What is required
Could you print, exactly and without pictures, only the lines from the one with "An Iced Out" through the end of the records below?
○ ○ ○
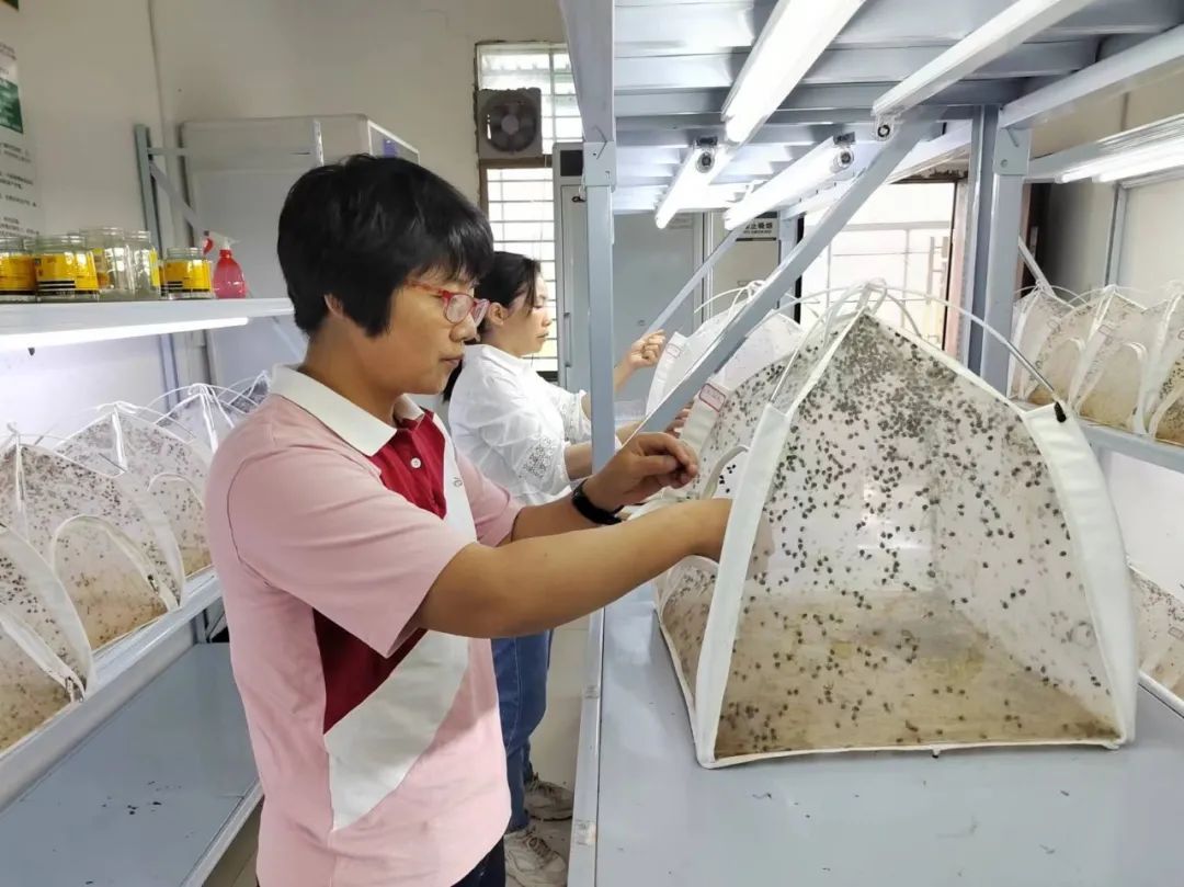 郴州市天敵昆蟲繁育基地,高級(jí)農(nóng)藝師肖艷松在觀察益蝽
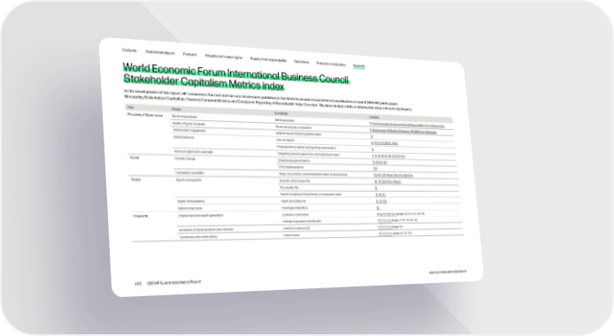 Contents Sustainable Impact Footprint Integrity and human rights Supply chain responsibility Operations Products and solutions Appendix World Economic Forum International Business Council Stakeholder Capitalism Metrics index In the development of this report, HP considered the core metrics and disclosures published in the World Economic Forum International Business Council (WEF IBC) white paper, Measuring Stakeholder Capitalism: Towards Common Metrics and Consistent Reporting of Sustainable Value Creation. This index includes links to information about relevant disclosures. Pillar Theme Sub-theme Location Principles of Governance Governing purpose Setting purpose 11, Nominating, Governance and Social Responsibility Committee charter Quality of governing body Governance body composition 11, Governance, HP Board of Directors, HP 2022 Proxy Statement Stakeholder Engagement Material issues impacting stakeholders 12 Ethical behavior Anti-corruption 22, Anti-Corruption Policy Protected ethics advice and reporting mechanisms 21 Risk and opportunity oversight Integrating risk and opportunity into business process 5, 14, 20, 28, 45, 66, HP 2021 10-K Planet Climate change Greenhouse gas emissions 15, 36, 82, 104 TCFD implementation 104 Freshwater availability Water consumption and withdrawal in water-stressed areas 38, HP CDP Water Security response People Dignity and equality Diversity and inclusion (%) 46, HP 2021 EEO-1 Report Pay equality (%) 51 Risk for incidents of child, forced, or compulsory labor 31, 42, 110 Health and wellbeing Health and safety (%) 51, 53, 109 Skills for the future Training provided (#, $) 50 Prosperity Employment and wealth generation Economic contribution 4, 58, HP 2021 10-K (pages 39, 55, 83–87, 88–91) Financial investment contribution HP 2021 10-K (pages 29, 57–59, 86–90) Innovation of better products and services Total R&D expenses ($) HP 2021 10-K (page 39) Community and social vitality Total tax paid HP 2021 10-K (pages 40, 83–87) 105 2021 HP Sustainable Impact Report www.hp.com/sustainableimpact
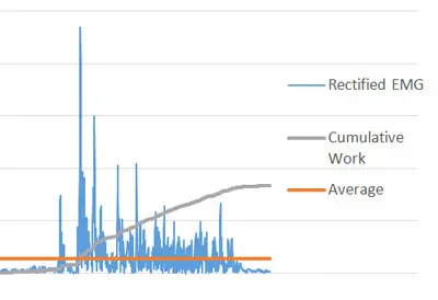 Other functions are also available, like calculating the average of the peaks, or the cumulative amount of work the muscle has done. (See below, orange for average and grey for cumulative work.)
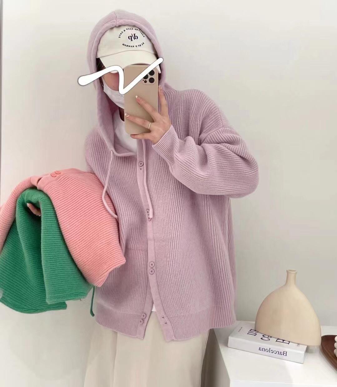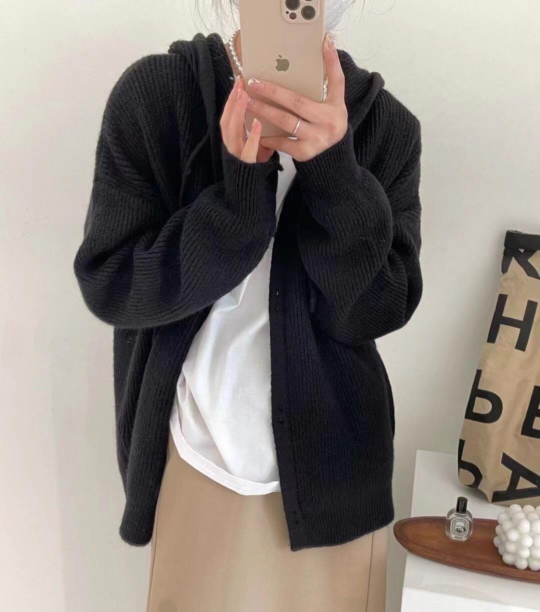 【厳選 カーディガン】フード付き 怠惰な風 秋冬 おしゃれ 気質 ニットカーディガン Vネック トップス AWアウター セーター ベーシックニット ラウンドネックニットセミカシミヤタッチ
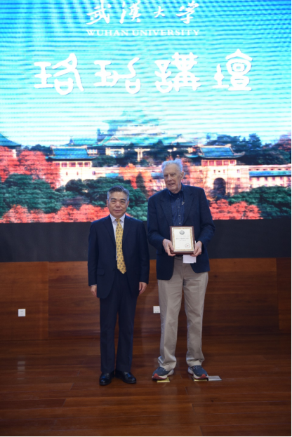 党委常委、副校长唐其柱教授为John E .Hopcroft教授颁赠珞珈讲坛纪念牌。本科生院院长吴丹教授、人工智能研究院副院长杨志坚教授、足球欧洲杯
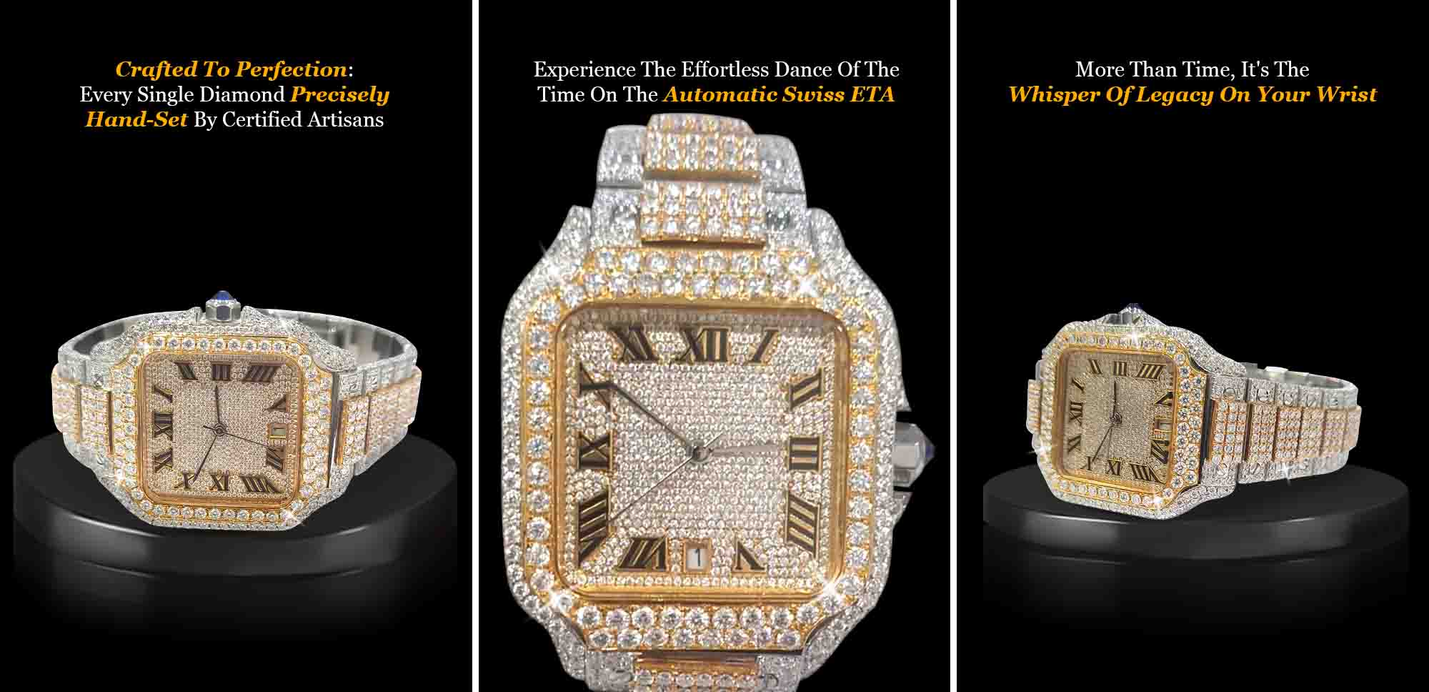 An Iced Out Watch Refers to a Timepiece That Combine The Beauty of Diamonds with The Precision of Watchmaking. Whether Worn as a Centerpiece or To Elevate Your Everyday Look, This Bust Down Watch Combines Timeless Craftsmanship with High-End Custom Detailing.
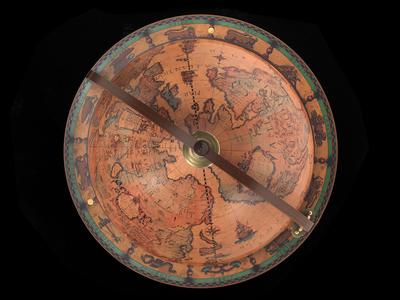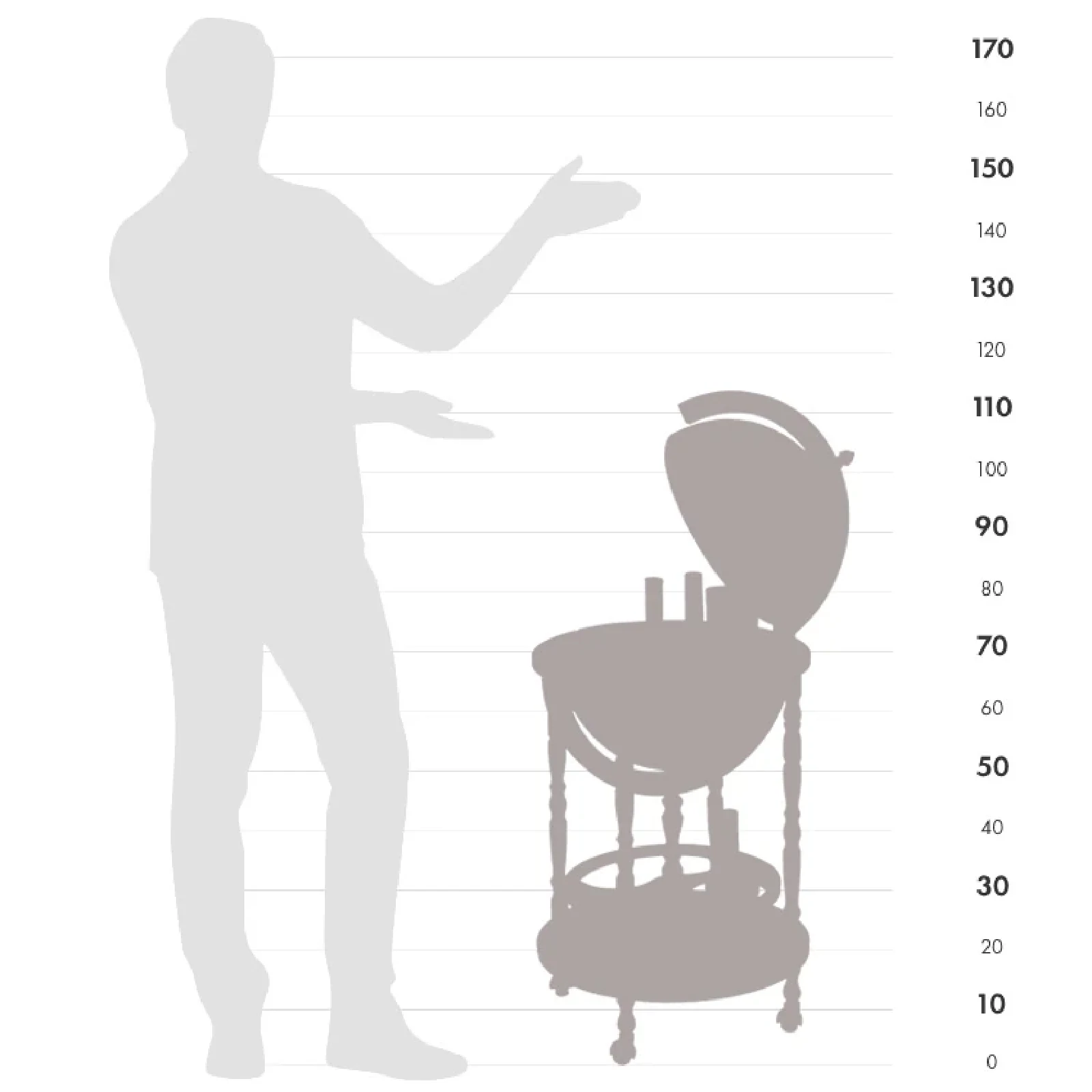 Elegant floor-standing bar globe from Zoffoli Classic collection, Minerva has an inner compartment that can hold up to 9 glasses and 2 or 3 bottles. Additional bottles can be stored on the lower wooden base, beautifully decorated with screen-printing natural water-based colors. The map is an accurate reproduction of a 16th Century cartography. You can easily move it thanks to its casters.
○ ○ ○
Completed task
 An Iced Out Watch Refers to a Timepiece That Combine The Beauty of Diamonds with The Precision of Watchmaking. Whether Worn as a Centerpiece or To Elevate Your Everyday Look, This Bust Down Watch Combines Timeless Craftsmanship with High-End Custom Detailing.
 Elegant floor-standing bar globe from Zoffoli Classic collection, Minerva has an inner compartment that can hold up to 9 glasses and 2 or 3 bottles. Additional bottles can be stored on the lower wooden base, beautifully decorated with screen-printing natural water-based colors. The map is an accurate reproduction of a 16th Century cartography. You can easily move it thanks to its casters.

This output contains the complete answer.